Inside Out is not a kid’s film. By all appearances it looks like a kids film, the colourful design; the energetic characterisation; the sheer marketablity, but there are concepts that are play here which kids might not be able to grasp. It’s very cerebral film, no pun intended, that wants to explore change and sadness in an eleven year old’s life. The film asks the question ‘why be sad’ and it does an admirable job of answering it, but there are some very subtle emotions that I’m not sure all children will pick up on. But maybe I’m underestimating eleven year old’s.
Disney-Pixar’s latest film follows Riley Anderson, an eleven year old girl who is forced to leave her home in Minnesota and relocate to San Francisco when her father acquires a new job. This transition is explored through quintet of emotions in Riley’s head which control her feelings with the control panel. As riley experiences new things, she gains memories. Some of these are core memories which power her personality, such as her love of hockey or being silly. The emotions, Joy, Sadness, Disgust, Fear and Anger, do not understand Sadness role in the group and routinely ostracise her with the intent of keeping Riley as happy as possible.

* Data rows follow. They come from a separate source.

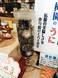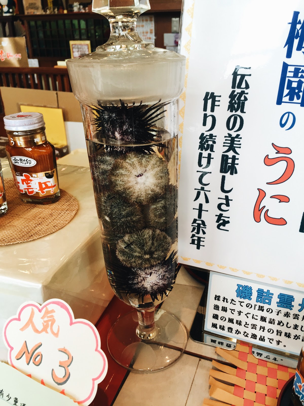 I managed to refrain from buying omiyage, but I was like O.O at this display jar of sea urchin (though my kouhai says it’s probably not real)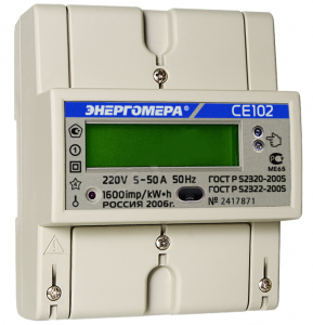 Счетчик ЭНЕРГОМЕРА CE102 R5.1 145-J 230В; 5-60А; кт 1,0; оптопорт; ТМ-вых.; мн.тар.; универс
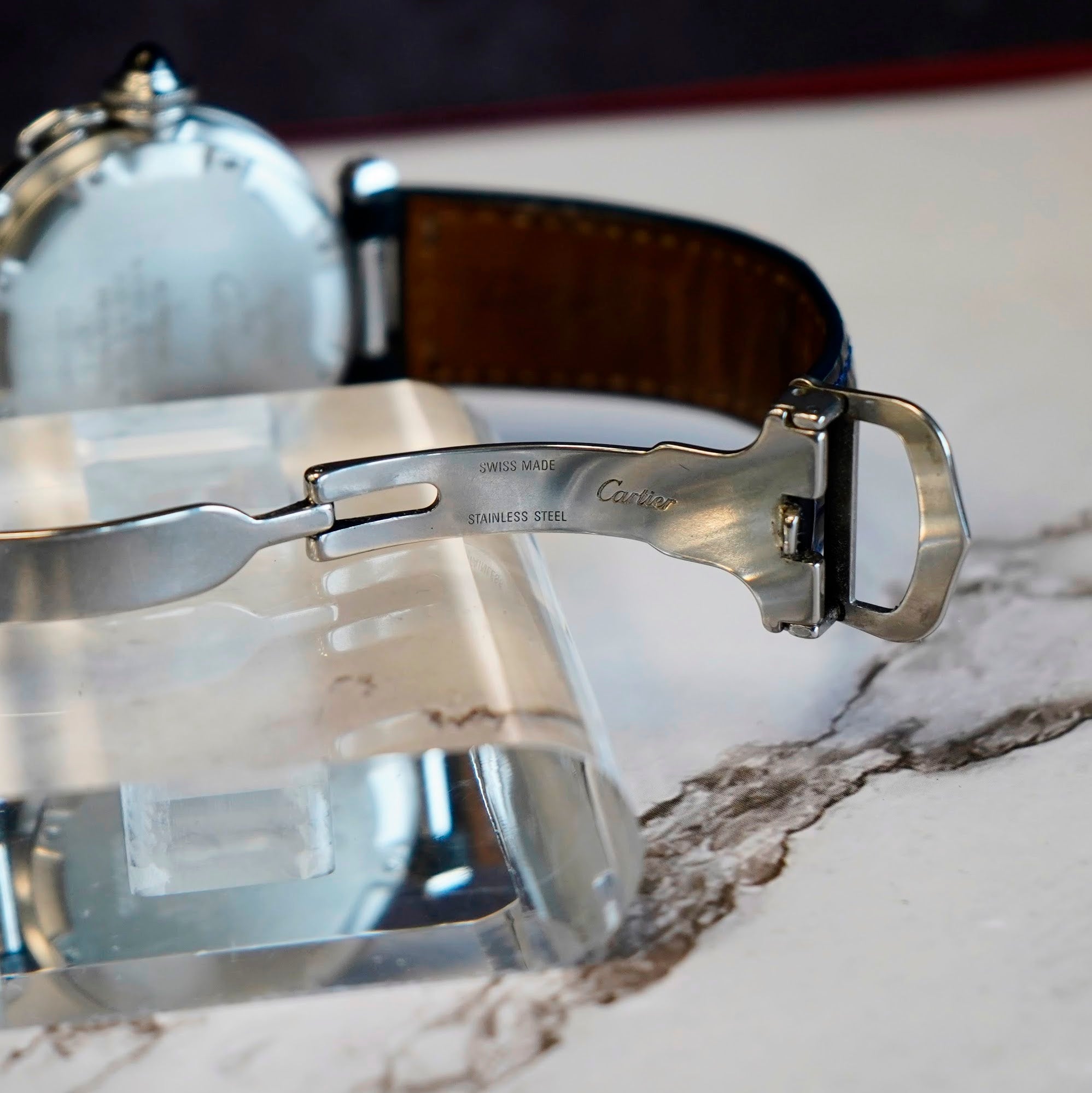 It is housed in a 35mm round stainless steel case with Cartier’s signature lug design, a rotating bezel, and the original blue cabochon screw-down crown. It is fitted with a scratch-resistant sapphire crystal and offers water resistance up to 100 meters (330 feet / 10 ATM).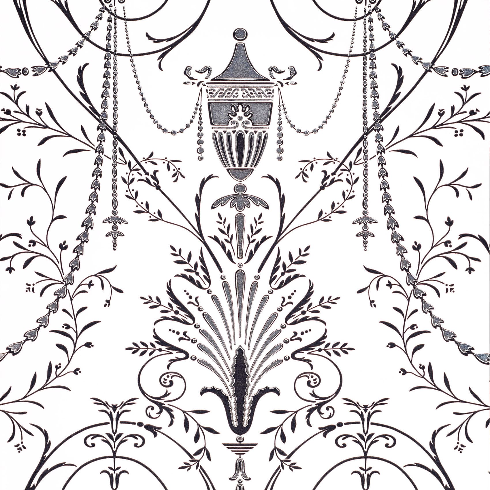 Marlborough Glace Little Greene Wallpaper A large-scale pattern, reminiscent of an early 20th century interpretation of one of Robert Adam’s designs. This paper was discovered just after the death of Queen Mary, who lived in Marlborough House until 1953, after which the house became the headquarters of the Commonwealth Secretariat.
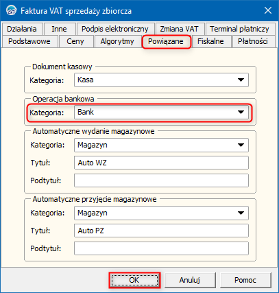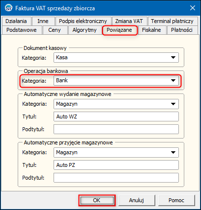 2. W oknie, które się wyświetli przejść na zakładkę Powiązane i wybrać domyślną Kategorię w sekcji Operacja bankowa. Zmiany zapisać przyciskiem OK.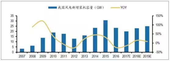 2015年全國風電裝機出現(xiàn)搶裝,新增風電裝機32GW,隨后的2016年和2017年國內風電裝機同比出現(xiàn)下滑(預計2017年新增風電裝機約20GW,同比下滑)。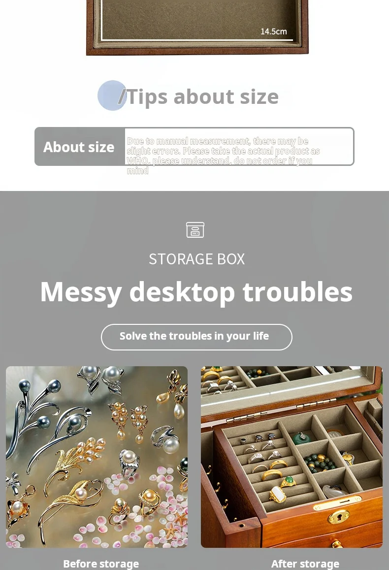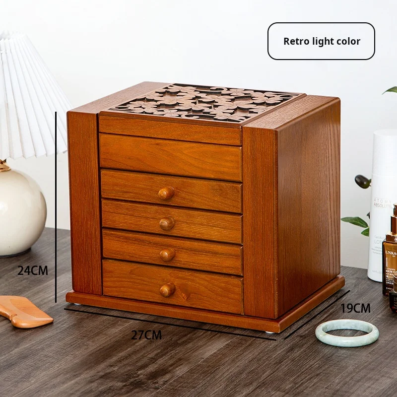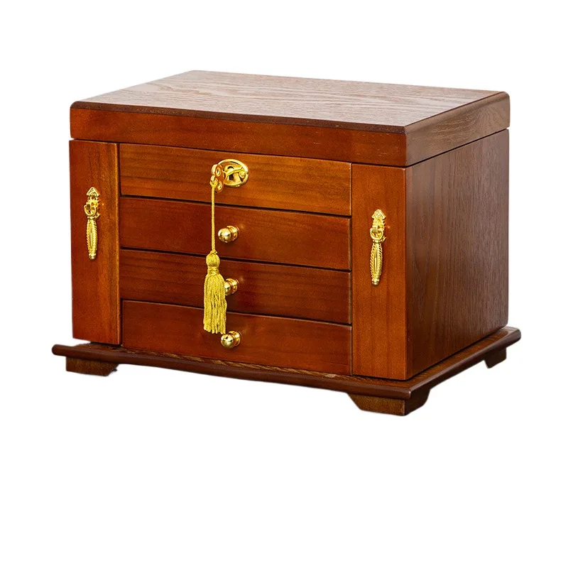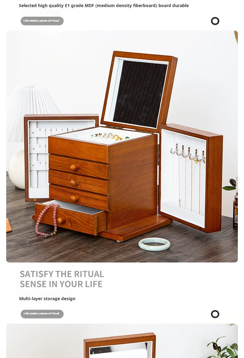 Solid Wood Large-capacity Three-layer Earring Jewelry Storage Box with Lid and Lock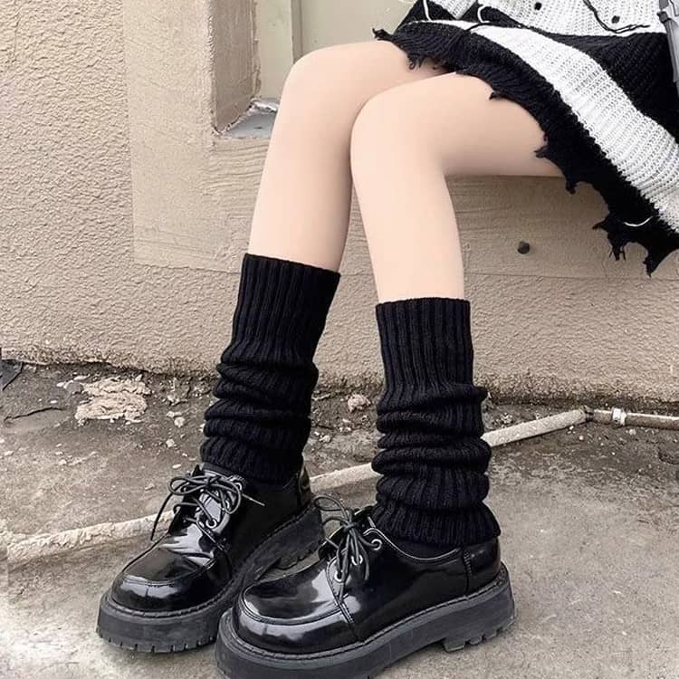 40 50 70cm レッグウォーマー あったか ロング丈 ルーズソックス リブ レッグウェア 足首ウォーマー くしゅくしゅ 靴下 ソックス 冷え取り 黒 白 灰 中学生 高校生 地雷系 レディース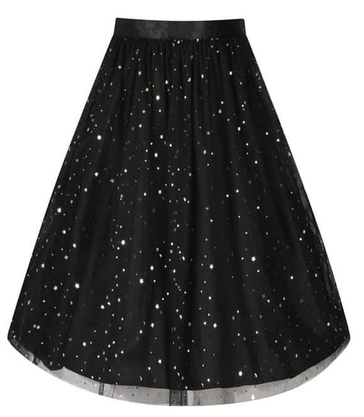 Festlicher schwarzer Swingrock mit Goldsternchen und Tupfen zweilagig: Aussenseite aus Tüll Reissverschluss hinten Material: 100% Polyester Hier f...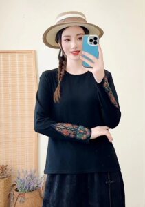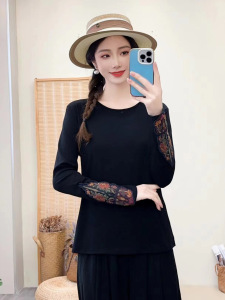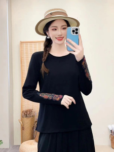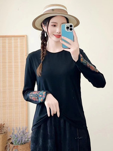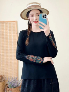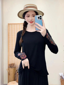 2025秋冬国风刺绣内搭纯色圆领宽松绣片女士打底衫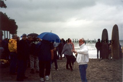 A group of mourners walk toward the surf, some holding umbrellas. The sky is gray and overcast. A few surfboards can be seen on the right standing upright in the sand with people beside them. One white-haired man in a white sweatshirt in the center of the photo has his arm outstretched as if in greeting or to motion the group forward.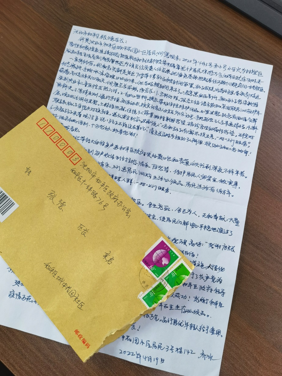 近日,一封貼着郵票的手寫地址的信,被送到瀋陽市和平區政府區長的手上。信封面的落款是和平區城中花園社區,信的內容洋洋灑灑足有千字,字跡清晰,條理清楚,把記憶拉回了城中花園居民「封控」的那段日子。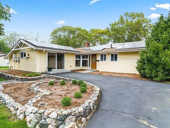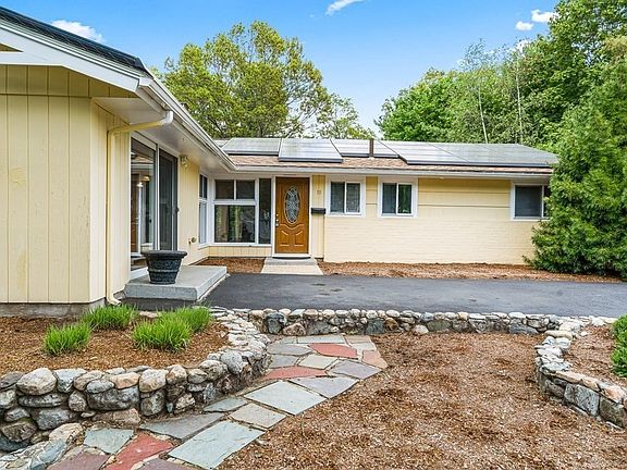 Picturesque 3-bedroom, 2 bath updated ranch nestled on a lovely half acre lot on a quiet, low traffic street. This renovated, low-maintenance home offers easy one-floor living, with a young, modern eat-in kitchen, a large adjacent dining room, a living room overlooking the largest back yard in the neighborhood, and a brand-new master suite. The just finished master suite offers a custom walk-in closet, energizing morning sun, and a brand new ensuite bath. The eat-in kitchen has gorgeous granite counters, SS appliances, and one of the only gas ranges in Upper Framingham, making this kitchen the perfect spot for the adventurous and enthusiastic chef. Whip up your favorite dish while entertaining with your guests in the large adjacent dining room or outside on the patio. Settle in next to the fireplace or watch tv in the spacious living room overlooking the magnificently manicured back yard. Energy efficient upgrades throughout and FIFTEEN YEARS OF PRE-PAID SOLAR PANELS. OVER $25K VALUE.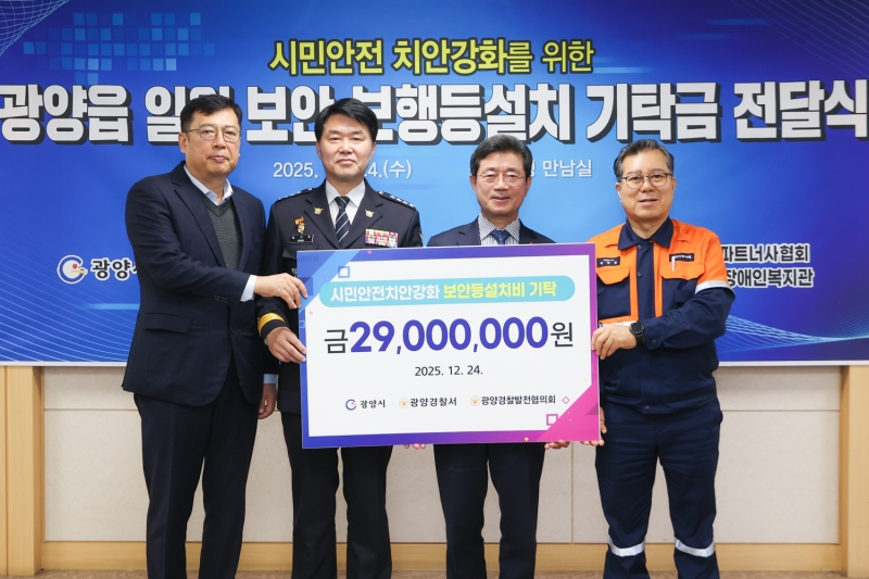 정인화 광양시장은 "시민 안전과 치안 강화를 위해 참여해 주신 기업들에 감사드린다"며 "시민들에게 보다 밝고 안전한 생활환경을 제공할 수 있게 되어 뜻깊다"고 전했습니다.
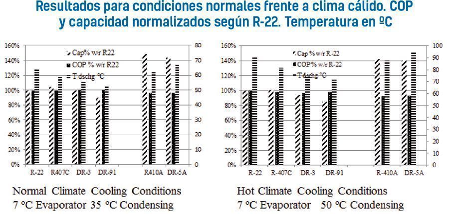 Todos los refrigerantes, tanto R-22 como R-410A, pierden rendimiento en condiciones de temperatura más elevada, pero el grado de pérdida varía según el refrigerante. No obstante, según muestran los datos en el cuadro de barras, a elevada temperatura de condensación, todos los candidatos de PCA reducido R-454C (DR-3), DR-91, y R-454B (DR-5A) poseen mayor COP que el R-410 A. Al ser la eficiencia energética el factor más importante en la reducción del impacto global en las emisiones de carbono, esto es muy significativo. La reducción de capacidad no es tan crítica ya que el uso de un compresor de mayor desplazamiento puede hacer recuperar capacidad volumétrica en un punto deseado. Dicho esto, el R-454B (DR-5A) muestra menor pérdida de capacidad en condiciones cálidas que otros candidatos, lo cual también podría dar un menor consumo energético.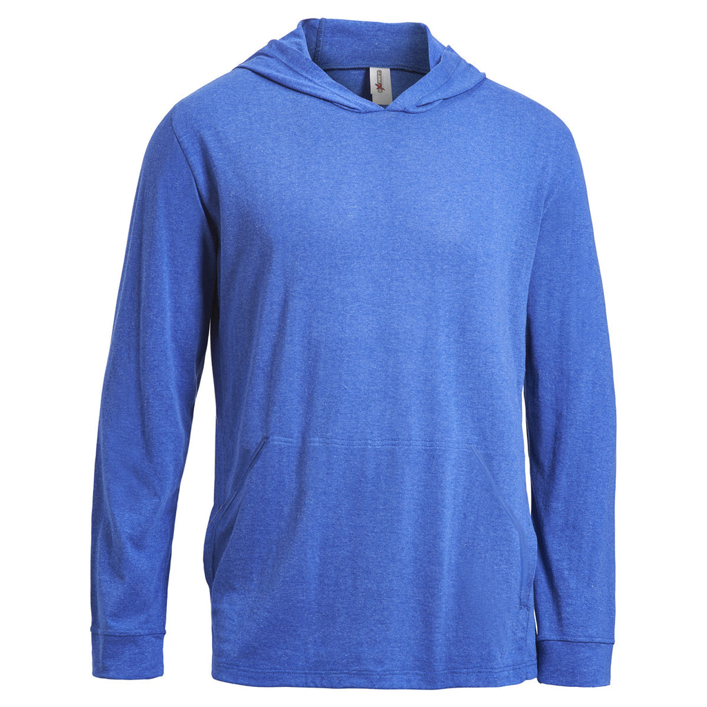Expert Men's Dark Heather Royal Soft Hoodie, made entirely of the soft fabric, is set to be your new go-to for weekends. Crafted from cotton blend fabric feels great all day long. It features long sleeve hood with self-cuff, relaxed fit cut ensures ultimate comfort, and lined with moisture wicking material that makes it most appropriate pick for throwing on to and from the gym. Large kangaroo pocket is roomy enough to stash post-work out snacks. Upgrade your corporate swag by sporting your employees in this customizable hoodie with name and logo of your company.The minimum order for this product is 12 pieces.

On the first day in the new school, Riley cries in class. Internally this is because Sadness keeps touching memories, making Riley view them negatively. This experience produces a sad core memory for the first time ever, but Joy is determined not to allow it to reach it’s destination. Sadness, of course, wants her contribution to be included. A struggle ensues and both Joy and Sadness, along with the core memories are sucked through into the memory bank. As the two emotions journey back to the main brain centre, Riley becomes increasingly despondent without the core memories to power her personality.
By the end of the film, Joy has learned that Sadness has her place, just like the rest of them. She is able to emphasise with Riley’s imaginary friend, which gets him to point out the directions faster that Joy’s insistence to simply think happy thoughts. She is also correct about abstract thought being a dangerous short cut, but works out the solution. Sadness also rightfully advises Joy that scaring Riley will wake her faster than excitement. But it isn’t until Joy falls into the memory dump that she understands that every memory is good and bad.
The lesson is that sadness has its place in any well balanced emotional state. But there are implications which may not be caught by all audiences. For instance, Riley becomes distant after she cries at school because the sad core memory did not reach the hub in headquarters. The suggestion there is that Riley’s emotional state crumbles because she did not deal with her sadness. By trying to avoid it and think happy thoughts or pretend to smile, Riley ignores the sadness inside. It isn’t until the end when Joy allows Sadness to operate the control panel that Riley confronts her feelings about the move. Her sadness brings her family together and creates a new core memory, one that is a mixture of joy and sadness. Maybe it could be called bitter-sweet.
Our emotions are much more psychologically complex than the film makes them out to be but the film does touch on some heavy issues by showing Riley becoming borderline depressed and being forced to accept her sad feelings in order to move on and adjust. And it is an important lesson to many children, who at eleven are certainly starting to experience more change and responsibility in their lives. But I’m not sure the film does a good job of really indicating how necessary all the emotions are. People want to be happy, but, even though certain situations call for other emotions, no one really wants to be sad, afraid, disgusted or angry.
What is interesting are the little forays into the mind space of other characters. For Riley, Joy is her dominant emotion. Her mother on the other hand has Sadness at the helm of her control panel. Anger rules in the Dad’s head space. Is that something that changes as they get older? That’s a really unnerving idea if we all start out with Joy managing our minds but other emotions take control as we get older. As if happiness isn’t a priority for adults. On the other hand, it might just indicate that everyone has different emotional formations. It’s still rather unfair to think that one person might be managed by Sadness their entire life but it is a rather intriguing concept. If Pixar did make a sequel to Inside Out I wouldn’t mind exploring how someone with a different emotional leader might think and react.
This isn’t Pixar’s best film. Not by a long shot. It doesn’t have the same emotional nuances as Up or Toy Story and it isn’t as funny. I did laugh through the film but more so for the subtle brain jokes, such as the train falling into the memory dump indicating that Riley lost her train of thought. In another scene, the brain workers keep sending up a memory of a catchy jingle so that it repeatedly plays in Riley’s head. That was a clever nod to the way tunes can get stuck in our heads. There is a lot of more simple humour so I’d expect the kids to laugh more than their parents.
Inside Out is a film that kids will enjoy but there’s a lot of depth here that an eleven year old just might not get. On top of that, this was a really interesting concept and premise but Pixar only scratched the surface. But it is a fun film that kids will enjoy with a very positive message. By embracing her sadness and accepting the change, Riley is able to restore her core memories and her personality islands. It’s good to know that friendships can be rebuilt and old passions can be refound. Except for imaginary friends. They must be sacrificed for the greater good.